Dans quel jeu – « fini » ou « infini » – décidez vous ? (James P. Carse & Simon Sinek)

La manière dont nous décidons dépend du contexte dans lequel on « joue » : on n’arrête, ne prend, ne porte et ne tient pas de la même manière une décision si des vies sont « en jeu » (domaines humanitaire, médical, militaire…), si c’est une situation critique en entreprise (de licenciements massifs à une innovation de rupture qui déboule sur le marché), si on est en train de tomber amoureux (en fonction du contexte là aussi culturel dans lequel on a été élevé) ou encore si on choisit des confitures au supermarché (petit clin d’oeil à la passionnante étude de psychologie de Sheena Iyengar et Mark Lepper en 2000 sur l’impact d’avoir trop de choix quand on fait ses courses).

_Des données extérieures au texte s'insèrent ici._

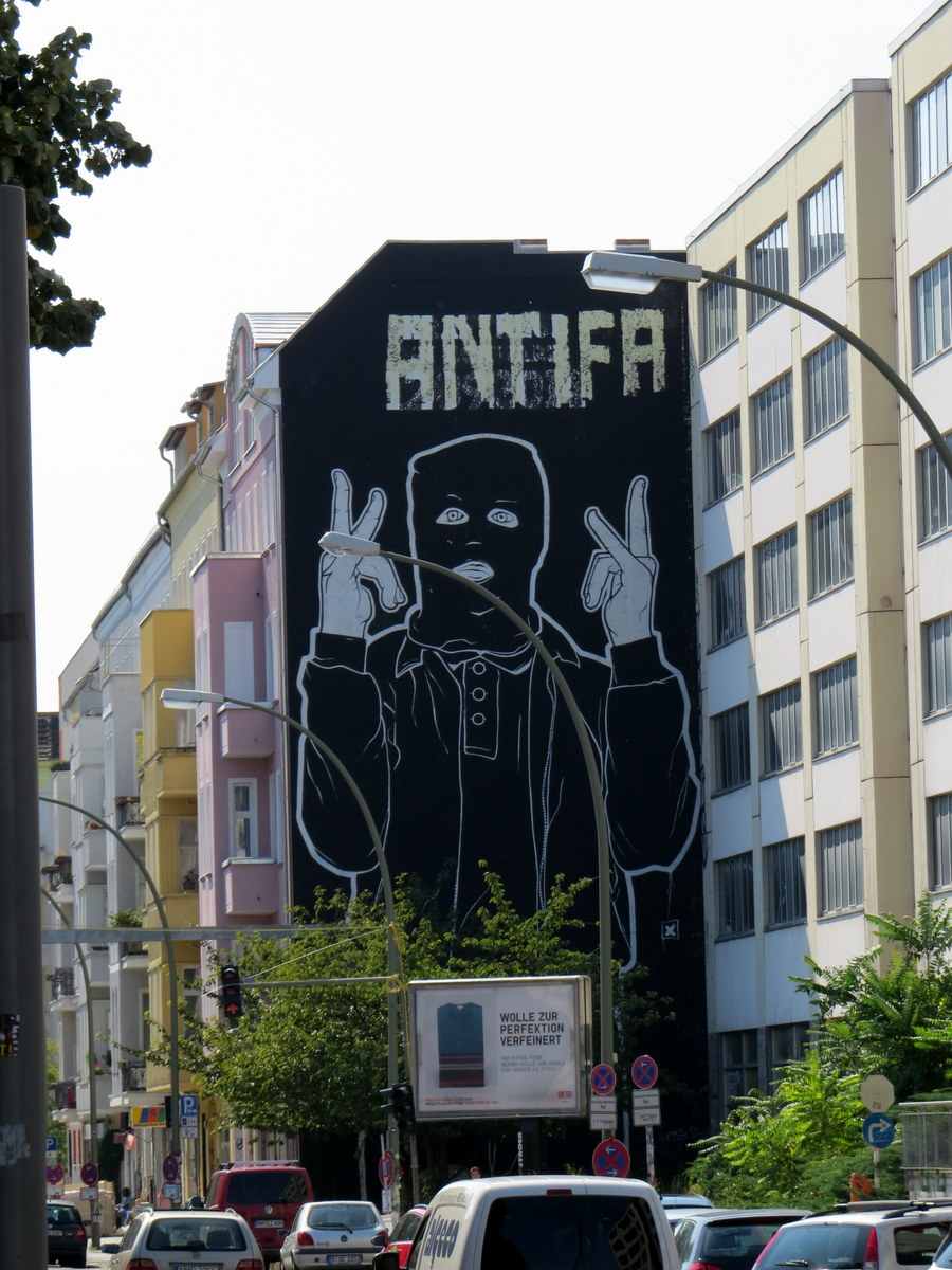 Murale antifasciste pas loin de là. / Antifascist mural nearby.

Et si nous apportions, dans un monde professionnel qui tente de s’inspirer des jeux au sens large (du rugby aux échecs), une nouvelle distinction crée par James P. Carse, professeur émérite d’histoire et de littérature des religions de l’université de New York : « Il y a au moins deux types de jeux. L’un pourrait s’appeler fini, l’autre infini. Un jeu fini est joué dans l’objectif de gagner. un jeu infini à pour finalité de continuer à jouer » est le premier des 101 points de son ouvrage « Finite and Infinite Games, a vision of life as play and possibility ».

Comme notre processus de décision, similaire au mécanisme de perception, opère à plusieurs niveaux par différences, autant commencer par comprendre le type de jeu auquel nous décidons plus ou moins consciemment de jouer, plutôt que d’essayer d’en changer les règles de manière incrémentale. Nous décidons d’autant mieux si nous repérons les différences… qui font une différence !

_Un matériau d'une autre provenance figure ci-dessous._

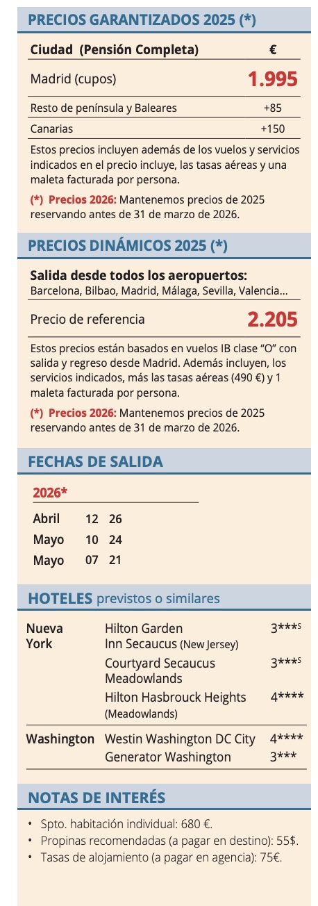 Viaje en grupo senior visitando Nueva York y Washington , pensión completa con guía salida desde Madrid 2026

Cette idée fondatrice a été reprise plus récemment par Simon Sinek bien connu pour son « why » : « Les jeux finis sont disputés par des joueurs désignés. Ils ont des règles fixes. Et il existe un objectif convenu qui, lorsqu’il est atteint, met fin au jeu. Le football, par exemple, est un jeu fini : les joueurs sont aisément reconnaissables à leurs maillots et il existe une série de règles qu’un arbitre fait appliquer et que tous les joueurs sont convenus de respecter – ils acceptent d’être sanctionnés s’ils les enfreignent. Tout le monde admet que l’équipe qui a marqué le plus de points à la fin du temps imparti est déclarée gagnante ; le jeu prend alors fin et chacun rentre chez soi. Dans les jeux finis, il y a un début, un milieu et une fin.
Les jeux infinis, au contraire, font intervenir des joueurs connus et des joueurs inconnus. Ils n’ont pas de règles précises ou admises. Il peut exister des conventions ou des lois gouvernant le comportement des joueurs, mais ces derniers agissent à leur guise à l’intérieur de ces vastes frontières. Et s’ils choisissent de rompre les conventions, ils le peuvent. La manière dont chaque joueur choisit de jouer ne dépend que de lui et il peut en changer à tout moment pour n’importe quelle raison. »

Vous voyez où je souhaite en venir ? Non pas qu’un jeu soit meilleur qu’un autre, tout dépend là aussi du contexte, mais décider consciemment à quel jeu vous jouez avant d’agir sur le terrain vous redonne de la liberté, tout autant que choisir de passer d’un jeu à l’autre.

Savez vous à quel jeu vous avez implicitement décidé de jouer dans votre carrière par exemple ? Et si, dans une situation critique,
> il n’y avait pas de fin
> de nouveaux acteurs que vous n’aviez pas prévu pouvaient rentrer sur le terrain
> les règles du jeu pouvaient changer pendant le déroulement du « match » que vous menez,
décideriez vous différemment ?

Je voulais laisse avec un mot de James Carse : « Les joueurs finis jouent à l’intérieur des frontières ; les joueurs infinis jouent avec les frontières ».